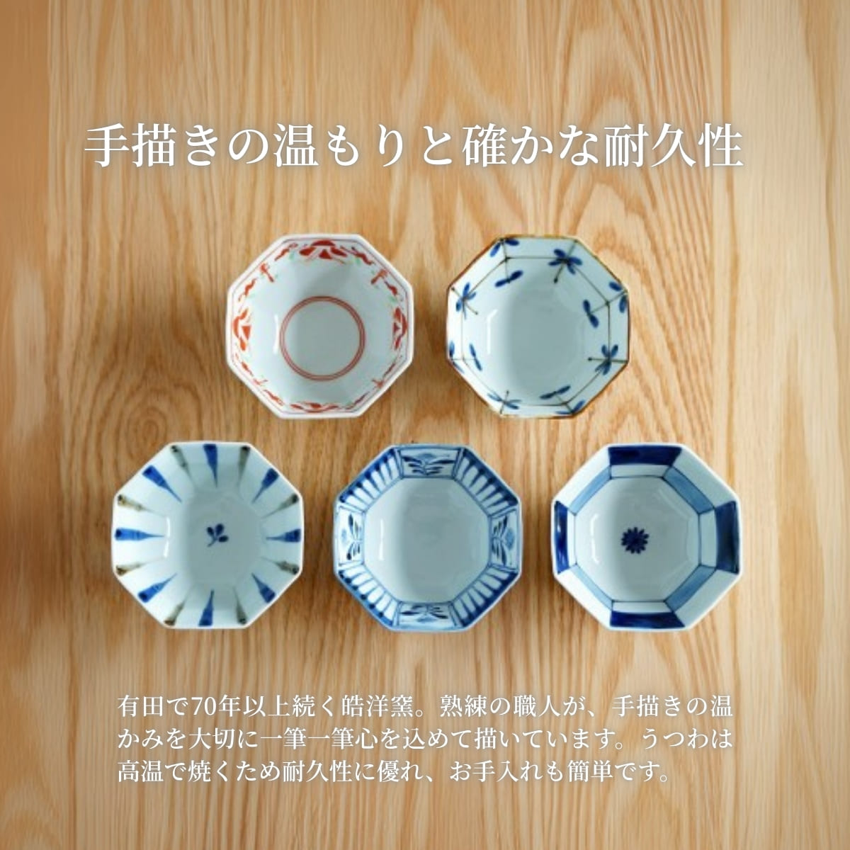 - 【ふるさと納税】【おうちで楽しむ】リム八角 深小鉢 絵変り 5個セット【皓洋窯】有田焼 和食器 食器 うつわ 器 小鉢 5柄セット セット 染付 赤絵 手描き シンプル 惣菜 おしゃれな小鉢 ギフト 40000円 4万円 A40-341
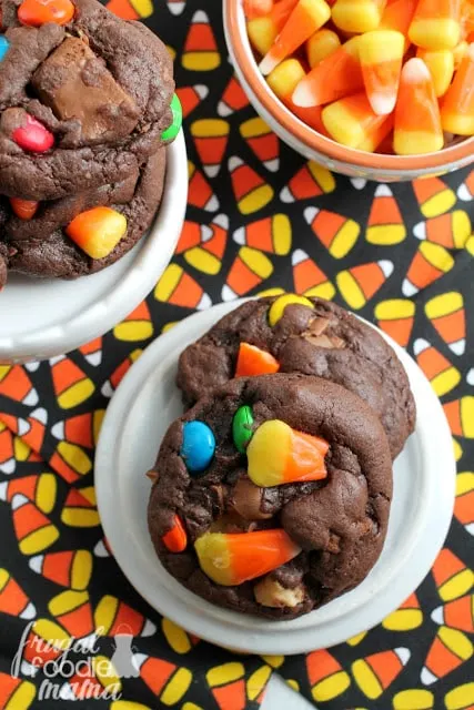 Halloween Stash Devil's Food Cookies are the perfect way to use up that leftover trick or treat candy
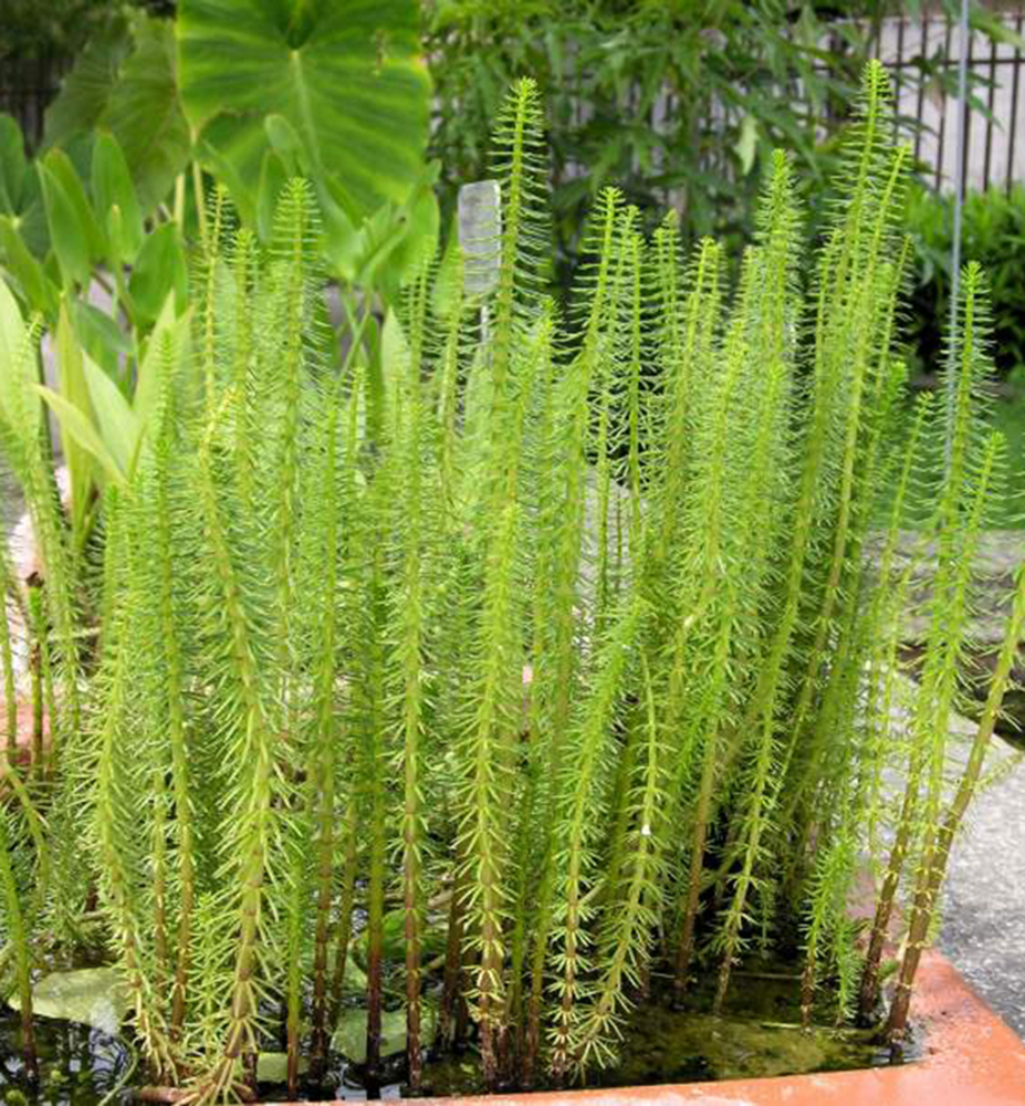 Oblíbená vodní rostlina se vzpřímeně rostoucími praslenovitými výhony nad hladinou.
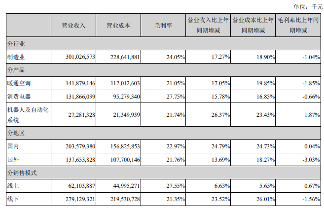 根據(jù)美的集團(tuán)2021年年度報告顯示,2021年全年,美的集團(tuán)實現(xiàn)營業(yè)總收入約3412億元,同比增長20.06%;實現(xiàn)扣非凈利潤約259億元,同比增長5.34%。其中,機(jī)器人與自動化業(yè)務(wù)在2021年實現(xiàn)營收約273億元,同比增長26.37%。

:: To do ::
Write out again, exactly, the lines from the start of the listing up to the line containing "Oblíbená vodní rostlina", with both ends and without pictures.

:: Expected answer ::
 - 【ふるさと納税】【おうちで楽しむ】リム八角 深小鉢 絵変り 5個セット【皓洋窯】有田焼 和食器 食器 うつわ 器 小鉢 5柄セット セット 染付 赤絵 手描き シンプル 惣菜 おしゃれな小鉢 ギフト 40000円 4万円 A40-341
 Halloween Stash Devil's Food Cookies are the perfect way to use up that leftover trick or treat candy
 Oblíbená vodní rostlina se vzpřímeně rostoucími praslenovitými výhony nad hladinou.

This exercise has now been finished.